Chief Cyril Allen, chairman emeritus of former President Charles Taylor’s National Patriotic Party, lost his case before the Supreme Court on the grounds that he was not domiciled in a district in Margibi County and, therefore, could not represent that district.
Allen said his case could serve as a precedent for rejecting presidential candidates who may not meet the 10-year residency requirement.
“My case is a precedent. I think this is one of the cases in Liberian history that the Supreme Court has ruled on the domicile clause. And, anyone taking up the case now with the 10-year resident clause will have grounds based on previous rulings. Yes, it is, in fact, very relevant as it relates to the 10-year residency clause. You have to reside in the country 10 years prior to your election. It must be interpreted by the Supreme Court as that,” he said.
Allen describes the ruling against him as a conspiracy engineered by those he said did not want an official from former President Charles Taylor’s government to run for office.
“There was a by-election in Margibi District, a district in which I reside and have a business and have been operating from for several years. And, there was a case filed with the Elections Commission that I was not [a] resident…and the Supreme Court ruled that I was not resident,” Allen said.
On the other hand, in 2006, the Supreme Court ruled in favor of Representative Evans Koah that he could run for the House of Representatives in Nimba County’s District #6.
Koah said the court ruled that he was domiciled in District #6.
“It was a long ruling but, basically, the court did say that I was indeed domiciled in the district since, in fact, the evidence introduced in court clearly substantiated the fact that I had a residence in the district, the district was where I had been residing and spending all of my time outside of Monrovia, and I was born there and I grew up there,” Koah said.
He said he does not think his case can be a precedent for anyone who might want to challenge the 10-year residency requirement for presidential candidates.
“No, I don’t think the two are the same because that particular proposition [in the just concluded referendum], I think it’s a constitutional requirement to run for the presidency, that one has to live in the country for 10 years, whether consecutively or intermittently. That part…the legal analysts are still debating it.
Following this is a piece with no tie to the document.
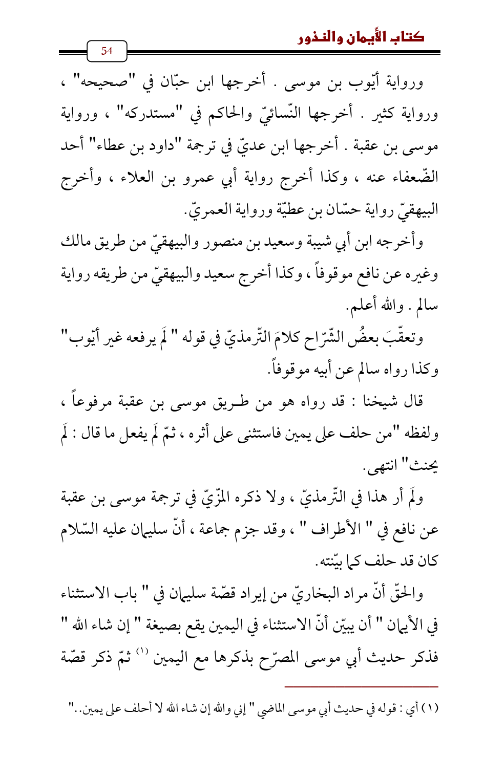 ولَم أر هذا في التّرمذيّ، ولا ذكره المزّيّ في ترجمة موسى بن عقبة عن نافع في " الأطراف "، وقد جزم جماعة , أنّ سليمان عليه السّلام كان قد حلف كما بيّنته.

That has no connection with being domiciled in a particular district in order to be eligible to run as representative in that district,” Koah said.
It is not clear when and where the first complaint challenging the qualification of any candidate based on the recent referendum results would be filed.
There are suggestions that the Supreme Court may not have “original jurisdiction” and that anyone wishing to challenge any candidate’s qualification may first have to do so with the National Elections Commission.
Some legal analysts argue that the Supreme Court should consider the residency issue as a urgent constitutional matter and immediately address it, especially in light of the referendum results.